By Andrew Grant
An elusive signal from the dawn of the cosmos is officially still elusive.
Galactic dust accounts for much of the signal that researchers originally interpreted as ripples in spacetime imprinted on the universe’s first light, a new analysis confirms. The study, conducted by the BICEP2 team that claimed the discovery and scientists with the Planck space telescope, nullifies a result that would have provided the first direct evidence of cosmological inflation, a brief moment after the Big Bang when the universe rapidly ballooned in size.
The new analysis, announced by the European Space Agency on January 30, does not mean that the theory of inflation is wrong or that these primordial ripples, called gravitational waves, don’t exist. In fact, it’s possible that the signature of inflation is subtly embedded in BICEP2’s data. But after properly factoring in the pesky influence of dust, Planck and BICEP2 researchers agree that there is not enough evidence to back up the original extraordinary claim.
“It’s perfectly plausible that there are primordial gravitational waves,” says Raphael Flauger, a cosmologist at Carnegie Mellon University in Pittsburgh. “But experiments right now are just not accurate enough to determine this.”
The joint analysis provides the latest and most definitive word on a finding that has drawn increasing skepticism since it was announced last March. At the time, BICEP2 researchers proclaimed that their 26-centimeter telescope in Antarctica had detected swirling patterns in the alignment of light waves, known as the cosmic microwave background or CMB, that were emitted 380,000 years after the Big Bang (SN: 4/5/14, p. 6). Those patterns, the researchers said, were imprinted when the fabric of space rapidly stretched during the era of inflation.
Unfortunately for the BICEP2 team, our Milky Way galaxy plays a cruel trick that stamps light with a similar pattern. Shards of carbon and silicon in the Milky Way emit light imprinted with a swirl that is indistinguishable from the signature of primordial gravitational waves. Despite BICEP2 scientists’ insistence that they had accounted for the contribution of this dust, other researchers published multiple independent analyses questioning the discovery (SN: 6/28/14, p. 20).

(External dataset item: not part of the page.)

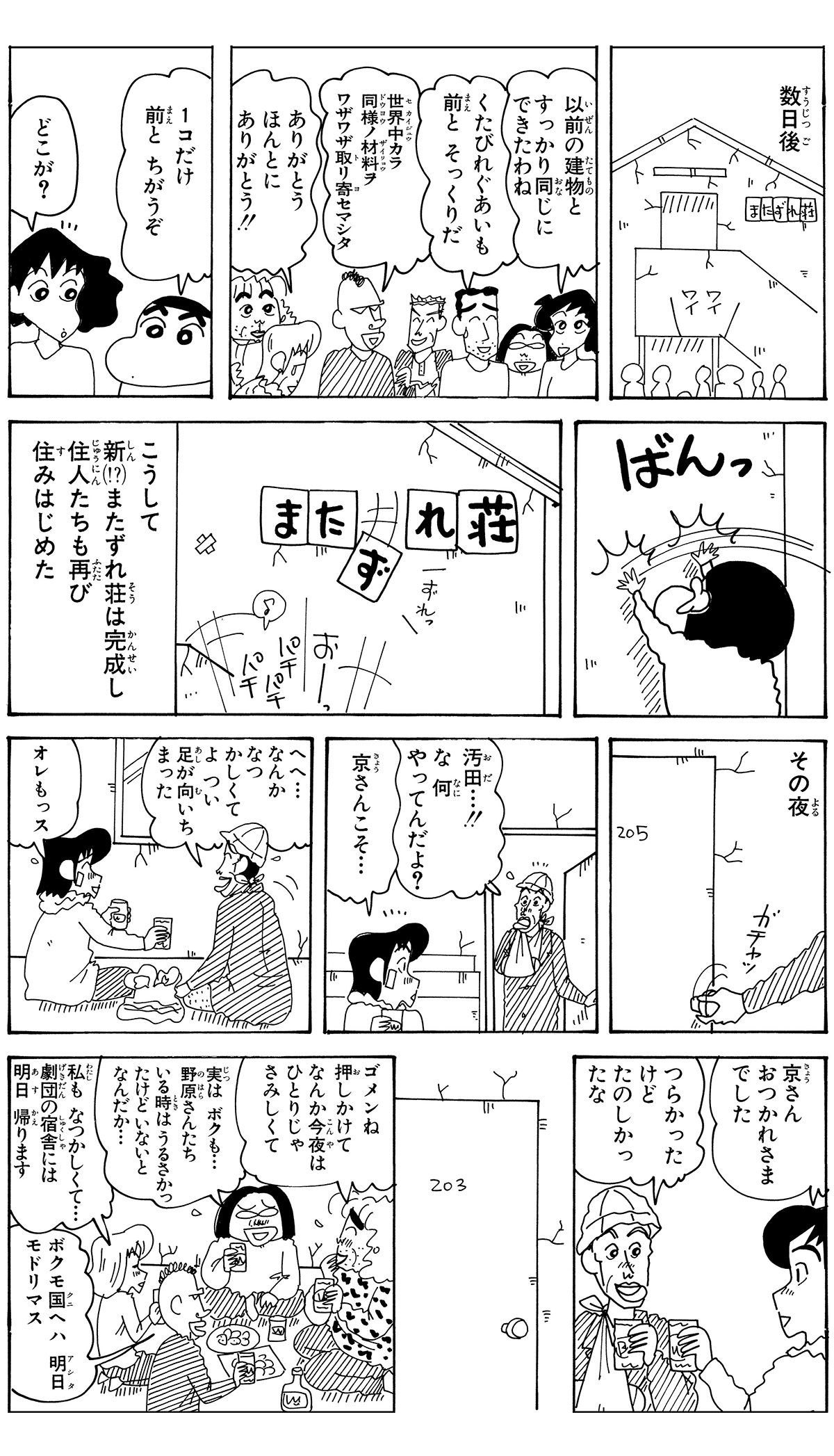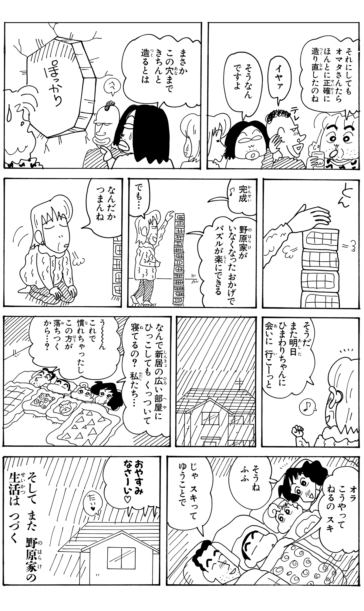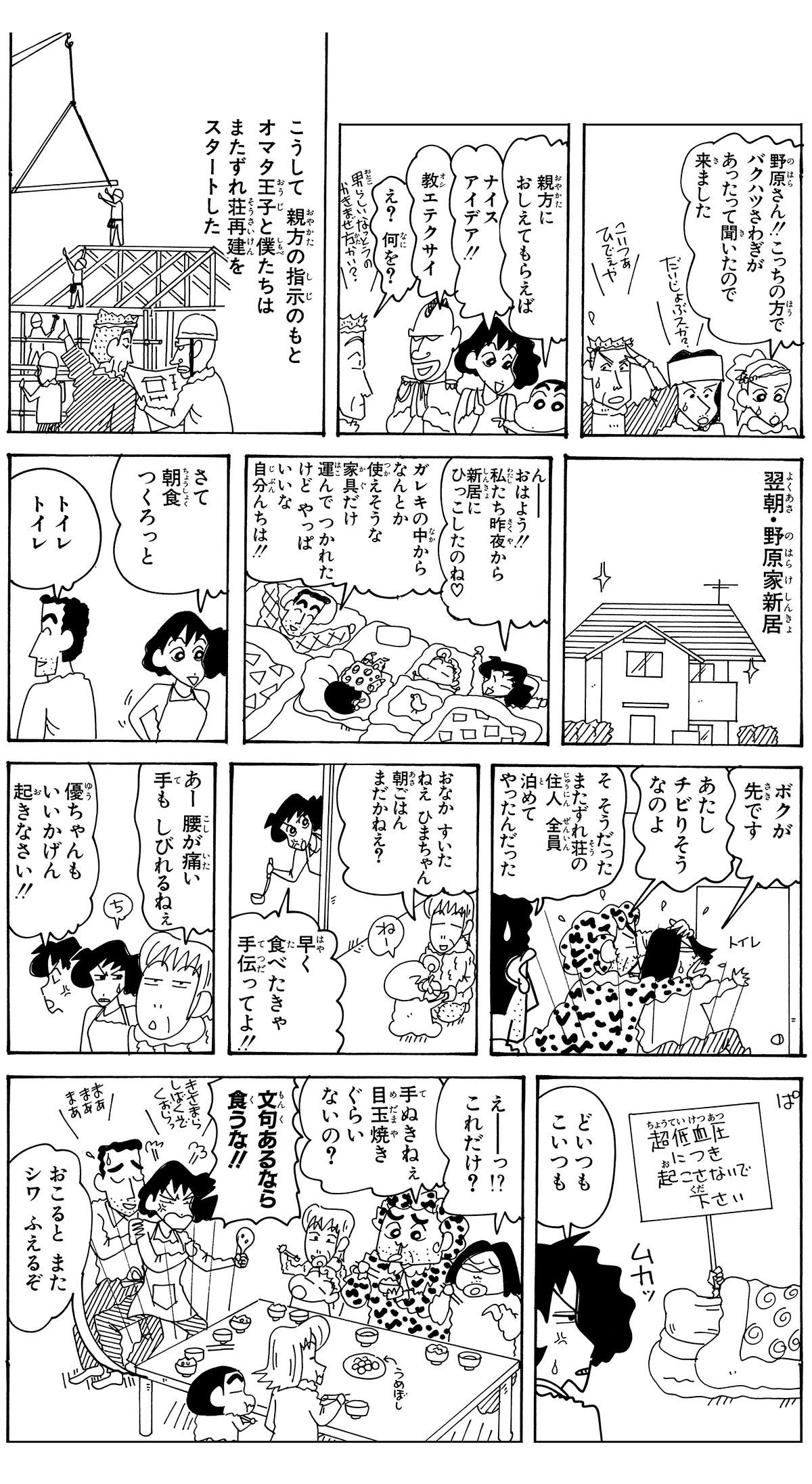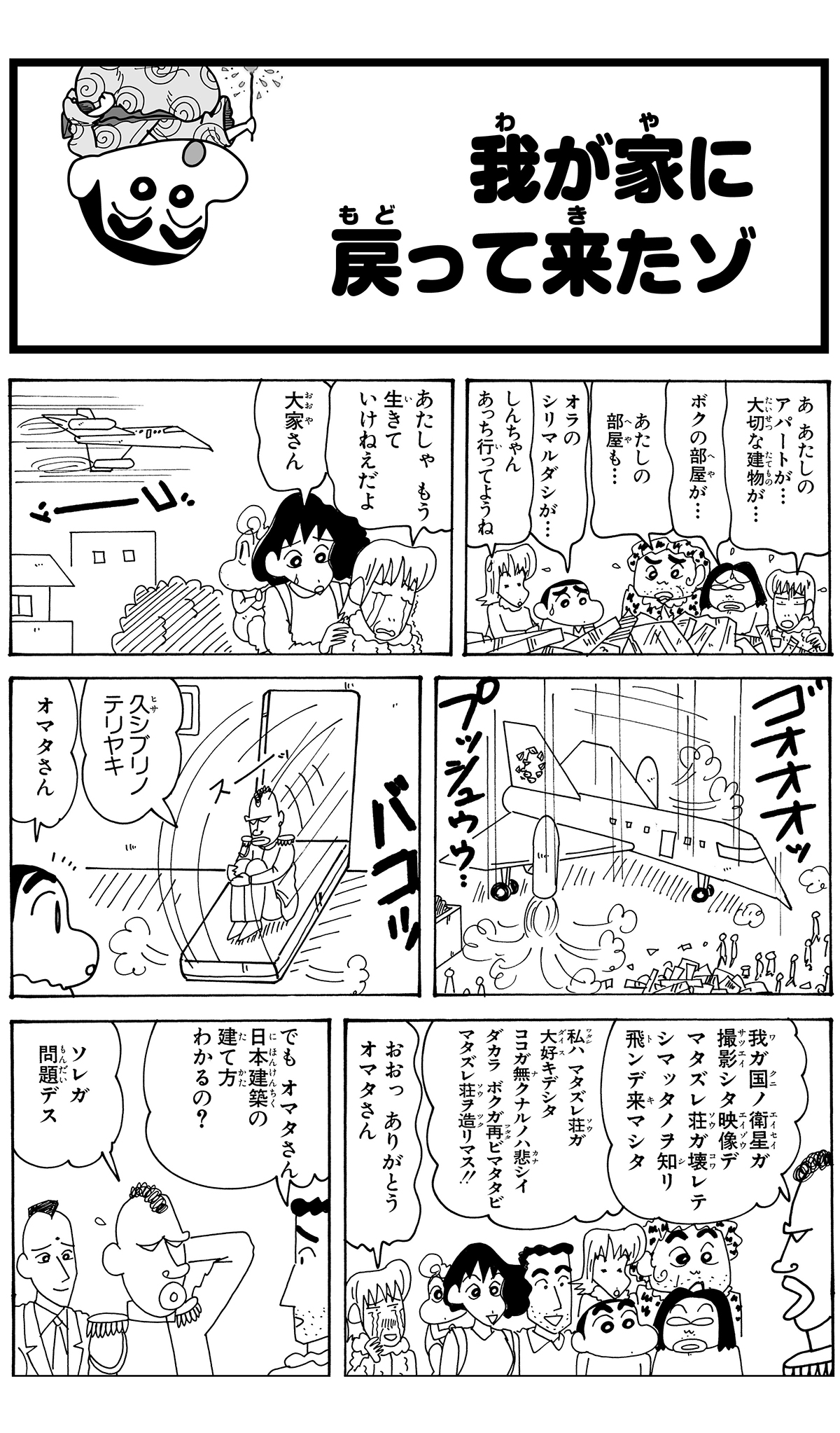 全7話公開中! 549 我が家に戻って来たゾ 2026.3.5 臼井儀人 ポスト LINEで送る ■ジュニア版クレヨンしんちゃん オリジナルのコミック『クレヨンしんちゃん』全50巻の中から、お子さまにも読みやすいお話をセレクトした再編版! 本記事は「ジュニア版 クレヨンしんちゃん 19」から一部抜粋・編集しました。 野原一家 しんちゃん ひろし みさえ ひまわり またずれ荘 四郎 大屋 主代 役津栗 優 スーザン小雪 汚田 急痔 にがりや京助 オマタ ■ジュニア版クレヨンしんちゃん ■【画像】どうされました?診察するしんちゃん■ ジュニア版クレヨンしんちゃん我が家に戻って来たゾ このお話の単行本を購入 電子コミックストアで購入 原作: 臼井儀人 87年に『だらくやストア物語』が双葉社「週刊漫画アクション」新人賞佳作に入賞しデビュー。90年8月より『クレヨンしんちゃん』を同誌にて連載開始。その他の代表作は『おーえるグミ』『あんBaらんすぞ~ん』『すくらんぶるえっぐ』など。 「ひろし」の商品を見る

Seeking to solidify its result, the BICEP2 team joined scientists from Planck, which is mapping the CMB with unprecedented sensitivity, to take a careful look at the slice of sky measured by BICEP2 and another scope called the Keck Array. While BICEP2 measures light at a single frequency, Planck captures a wider spectrum, allowing scientists to isolate the influence of dust, which preferentially emits light at particular frequencies. The detailed survey revealed that BICEP2 underestimated the effect of galactic dust. Once the contribution from dust is removed, the remaining signal is too small to be considered a discovery.
Joanna Dunkley, an astrophysicist at the University of Oxford and coauthor of the new analysis, says the BICEP2 researchers didn’t initially appreciate the uncertainty of dust’s contribution to their measurement. The ballpark figures they used, she adds, “were taken a little too much as gospel truth.”
Despite the dusty disappointment, the new study leaves plenty of wiggle room for future experiments to uncover evidence of inflation. BICEP2’s original measurement of a variable called r, which compares gravitational wave and matter density deviations in the CMB, was considerably higher than most theories predict. The new combined Planck and BICEP2 result pushes down r to a maximum value that is more in line with the simplest inflationary theories, Flauger says. That means any primordial gravitational waves will be harder to detect, but it also gives hope that the signal will eventually shine through as an army of telescopes, including the recently upgraded BICEP3 and Keck, dissect the CMB. Other experiments, including the South Pole Telescope, ACTPol and SPIDER, are also scanning the skies. “We’re still excited about looking for this,” Dunkley says.